Sheila Calica, who hails from Nueva Vizcaya, arrived in Canada in October 2008 and paid $1,720 a month while sending home $570 per month. She was fired in her first two jobs, citing difficulty in handling jobs and health reasons.
Three years after arriving in Canada, she applied for permanent residence in which she was promised 36 months to process. But later she was told the application would take 39 months, making her worry, leading to stress that she had to take a couple of week off from work.
Awaiting for the coveted permanent residency grant by CIC for the past 45 months, Calica hopes one day the wait will end.
Most of the interviewees have come from various adversities — one had to escape the wrath of Mount Pinatubo in the 1990s, others had to cross-country from Dubai and Hong Kong and Calica acted as mom and dad to younger siblings — to reach Canada. But upon arrival in the country, they share similar fate, at least at the moment: overdue promise of permanent residency in Canada. The wait had been too long for Mary Jane Magat that she had to remove her son from the application since he is already over the age requirement.

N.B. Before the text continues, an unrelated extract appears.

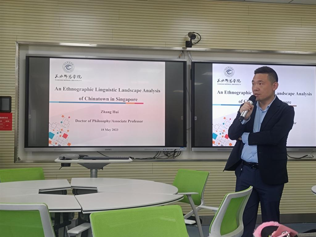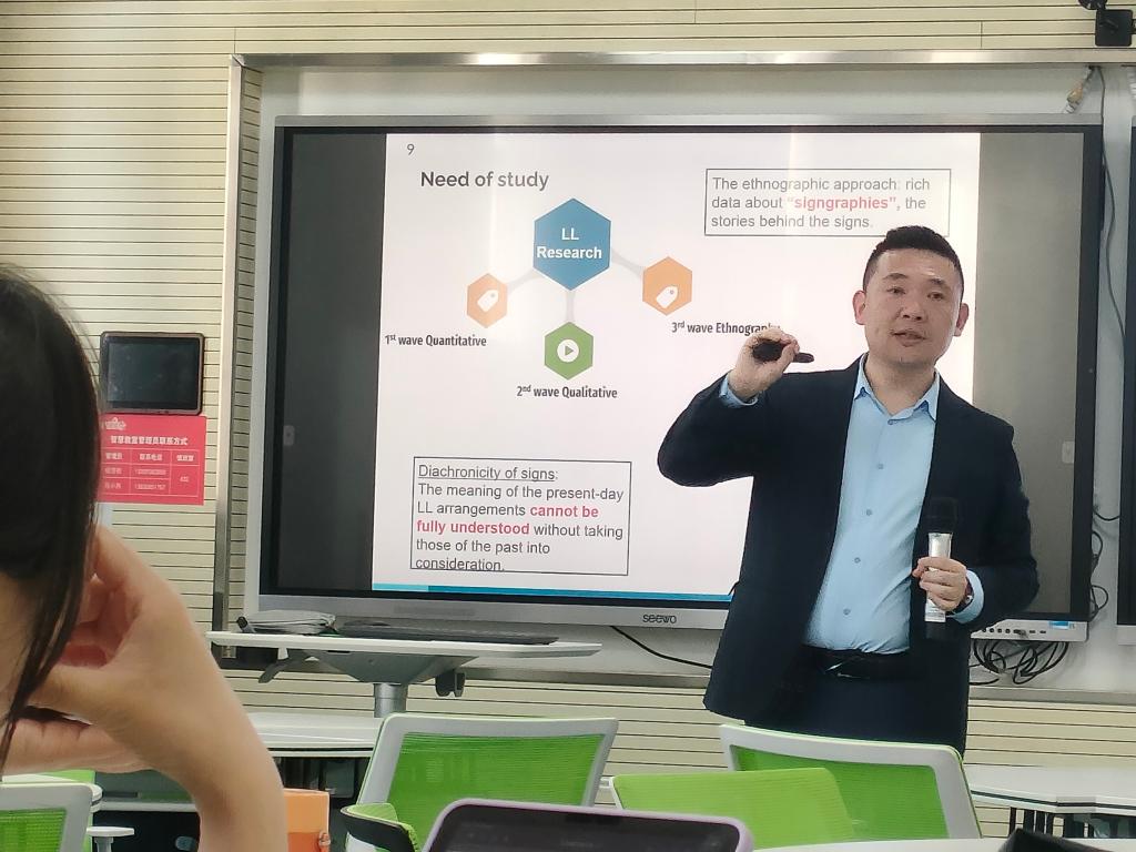 为进一步提升Beat365官方网站师生的专业素养和理论水平,5月18日下午,外国语学院邀请Beat365官网副教授张晖博士在2号教学楼704智慧教室,开展了题为“新加坡唐人街的民族志语言景观分析”的专题讲座。Beat365官网部分青年教师和全体研究生现场聆听。

But while the wait meant anxiety (and stress to some), the pay has been decent and with 50 and 63% of wages sent back to the Philippines, it is generally higher compared to working in the Hong Kong and Middle East. That might not be enough compromise to accept, as many of Filipina caregivers interviewed have not been back home for several years, missing important milestones of family members they left behind. And with no permanent residence obtained, it’s a safe bet to stay in Canada for now.